The ink in the stamps or seals can have various colors (for example, red or blue, or both), or may be relatively monotone (for example, black or grayscale). The stamps may contain foreground text. For different companies, stamp designs and content may vary. Such variations can be helpful for purposes of form identification and matching.


In addition, a stamp can cover foreground text and can overlap important target text information and useful location information for accurate form registration. As a result of such coverage and/or overlap, a document processing system may identify a form incorrectly, and/or may incorrectly identify information such as keyword location and content, to match the form with others. Consequently, overall system accuracy and quality may be diminished.


Stamps can have different shapes, such as squares and rectangles, other polygonal shapes, or circles. Some of these shapes may appear on an invoice or receipt with text at an angle relative to the underlying document, as if the shapes had been rotated at some kind of angle, with slight rotations.


Grayscale forms or documents with grayscale stamps can be more difficult to process than the ones just described, in that the grayscale stamps may differ only in density from the foreground text. Still further, grayscale forms may contain pixel density information, making text and feature segmentation difficult. Also, when the stamp text and the foreground text overlap, both can be difficult to read. Sometimes, foreground text can include the same color as the stamp text, for example, red.


In some instances, a logo having a particular shape, such as a square or circle, could be recognized as a stamp. Handling such logos can complicate development and performance of algorithms to remove the stamps or seals. Another shape which is appearing more frequently on forms is a QR code. Usually QR codes do not interfere with other text on a form, but in instances in which a stamp comes


There are times when it is desirable to remove stamps digitally from an invoice or receipt, in order to be able to read what is beneath the stamp.

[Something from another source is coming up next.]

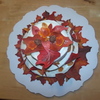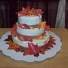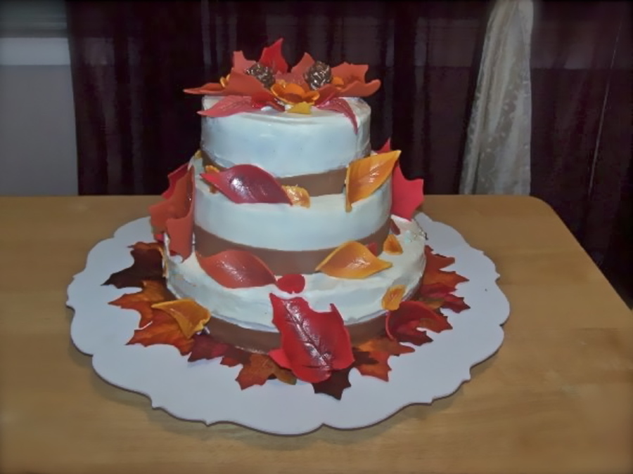 Fall wedding cake with fondant leaves and cream cheese frosting.
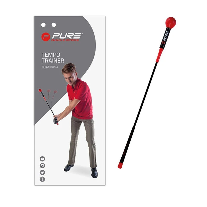 Improve your game of golf, by building on the fundamentals of the golf swing, with this tempo trainer from Pure 2 Improve. The counterweight on the trainer promotes a nice smooth swing and helps to build specific muscles used during the golf swing. This is perfect for warming up before your round, helping you to improve your tempo, rhythm and balance. Size: 40″” / 100cm.

In the following description, aspects of the present invention address various ones of the just-identified challenges by providing a deep learning based model to predict both stamp location and the appropriate mask for segmenting the stamp pixels. In the discussion herein, the terms “form,” “document,” and “digital document” may be used interchangeably.



FIGS. 1-10 depict different examples in which a stamp or seal may appear on a document such as an invoice or a receipt. In several of these examples, the stamp or seal covers or overlaps text of the underlying document. In several more of these examples, the stamp or seal appears separately from the text of the underlying document. In some of these examples, the stamp or seal appears tilted or at an angle with respect to the text of the underlying document. In various ones of these examples, the document may have different colors, and the stamp or seal may have different colors, in some cases, different from the color or colors of the document on which the stamp or seal appears.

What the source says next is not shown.